Background: Patients with septic knee arthritis tend to have prolonged pain, which may lead to a decrease in physical activity (PA). Pain catastrophizing, which is associated with chronic pain, is known to be a limiting factor for PA. An objective measurement of PA in patients with septic knee arthritis has not been reported.Here we describe the accelerometry-based measurement of the PA of a patient with septic knee arthritis before and after discharge, and we report the ability of follow-up outpatient physical therapy to increase PA.

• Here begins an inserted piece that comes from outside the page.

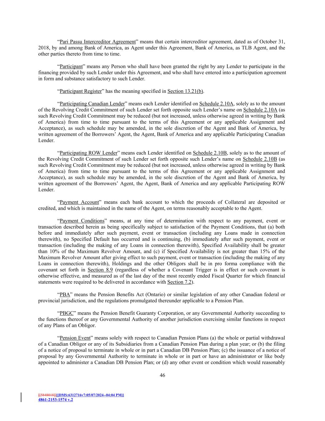 “Pari Passu Intercreditor Agreement” means that certain intercreditor agreement, dated as of October 31, 2018, by and among Bank of America, as Agent under this Agreement, Bank of America, as TLB Agent, and the other parties thereto from time to time. “Participant” means any Person who shall have been granted the right by any Lender to participate in the financing provided by such Lender under this Agreement, and who shall have entered into a participation agreement in form and substance satisfactory to such Lender. “Participant Register” has the meaning specified in Section 13.21(b). “Participating Canadian Lender” means each Lender identified on Schedule 2.10A, solely as to the amount of the Revolving Credit Commitment of such Lender set forth opposite such Lender’s name on Schedule 2.10A (as such Revolving Credit Commitment may be reduced (but not increased, unless otherwise agreed in writing by Bank of America) from time to time pursuant to the terms of this Agreement or any applicable Assignment and Acceptance), as such schedule may be amended, in the sole discretion of the Agent and Bank of America, by written agreement of the Borrowers’ Agent, the Agent, Bank of America and any applicable Participating Canadian Lender. “Participating ROW Lender” means each Lender identified on Schedule 2.10B, solely as to the amount of the Revolving Credit Commitment of such Lender set forth opposite such Lender’s name on Schedule 2.10B (as such Revolving Credit Commitment may be reduced (but not increased, unless otherwise agreed in writing by Bank of America) from time to time pursuant to the terms of this Agreement or any applicable Assignment and Acceptance), as such schedule may be amended, in the sole discretion of the Agent and Bank of America, by written agreement of the Borrowers’ Agent, the Agent, Bank of America and any applicable Participating ROW Lender. “Payment Account” means each bank account to which the proceeds of Collateral are deposited or credited, and which is maintained in the name of the Agent, on terms reasonably acceptable to the Agent. “Payment Conditions” means, at any time of determination with respect to any payment, event or transaction described herein as being specifically subject to satisfaction of the Payment Conditions, that (a) both before and immediately after such payment, event or transaction (including any Loans made in connection therewith), no Specified Default has occurred and is continuing, (b) immediately after such payment, event or transaction (including the making of any Loans in connection therewith), Specified Availability shall be greater than 10% of the Maximum Revolver Amount, and (c) if Specified Availability is not greater than 15% of the Maximum Revolver Amount after giving effect to such payment, event or transaction (including the making of any Loans in connection therewith), Holdings and the other Obligors shall be in pro forma compliance with the covenant set forth in Section 8.9 (regardless of whether a Covenant Trigger is in effect or such covenant is otherwise effective, and measured as of the last day of the most recently ended Fiscal Quarter for which financial statements were required to be delivered in accordance with Section 7.2). “PBA” means the Pension Benefits Act (Ontario) or similar legislation of any other Canadian federal or provincial jurisdiction, and the regulations promulgated thereunder applicable to a Pension Plan. “PBGC” means the Pension Benefit Guaranty Corporation, or any Governmental Authority succeeding to the functions thereof or any Governmental Authority of another jurisdiction exercising similar functions in respect of any Plans of an Obligor. “Pension Event” means solely with respect to Canadian Pension Plans (a) the whole or partial withdrawal of a Canadian Obligor or any of its Subsidiaries from a Canadian Pension Plan during a plan year; or (b) the filing of a notice of proposal to terminate in whole or in part a Canadian DB Pension Plan; (c) the issuance of a notice of proposal by any Governmental Authority to terminate in whole or in part or have an administrator or like body appointed to administer a Canadian DB Pension Plan; or (d) any other event or condition which would reasonably 46 [[5848018]][[DMS:6312716v7:05/07/2024--04:04 PM]] 4861-2153-1574 v.2

Methods:A 70-year-old Japanese woman admitted to the hospital with a diagnosis of left septic knee arthritis presented with prolonged pain and pain catastrophizing in the left knee. We investigated her pre-and post-discharge PA by using an accelerometer. We also investigated her physical function, pain, and pain catastrophizing as a possible influence on PA. Follow-up outpatient physical therapy (consisting of PA feedback, counseling, and reassurance) was performed to improve the patient's physical function and increase her PA.

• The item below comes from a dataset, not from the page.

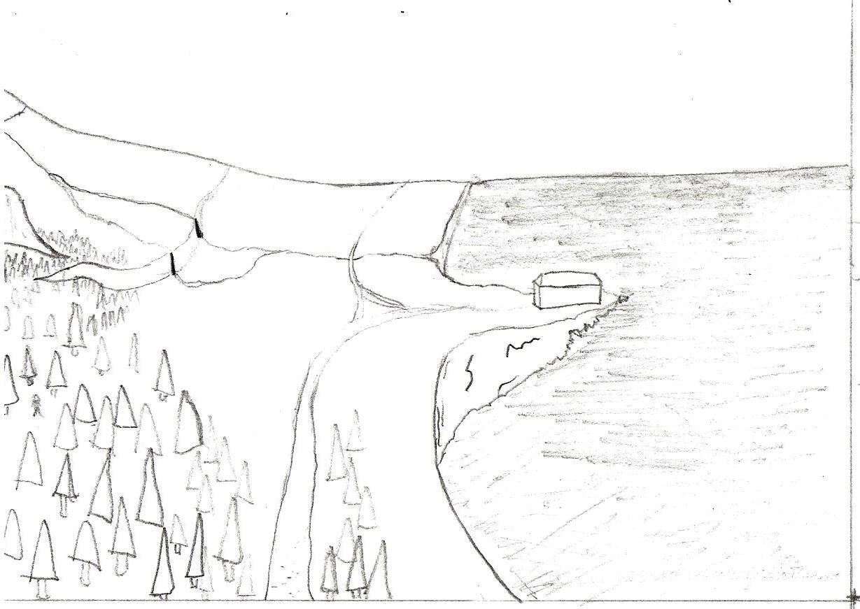 5) Il y a une route qui part du 1er plan, qui rejoint la maison et qui part sur la ligne d'horizon. Les 2 petits traits noirs verticaux sont des cascades, les traits qui en découlent sont donc des cours d'eau. Sur la pointe surplombant la mer, il y a une maison a une 50aine de mètres d'altitude. Oui, ce n'est pas très bien représenté ^^'

Results:The patient's PA indicated general inactivity from pre-discharge to 1 month post-discharge, especially immediately post-discharge (sedentary behavior [SB]: 540-571.3 min/daytime, light-intensity PA: 145.8-177.8 min/daytime). The followup outpatient physical therapy was effective in increasing her physical function and PA (a 31-min decrease in SB, a 32-min increase in light-intensity PA) but was not effective in reducing her pain or pain catastrophizing.Discussion: Contrary to the general trend, this patient showed a decrease in PA after hospital discharge compared to PA during hospitalization. Follow-up outpatient physical therapy had the effect of increasing the patient's PA, which was decreased immediately post-discharge.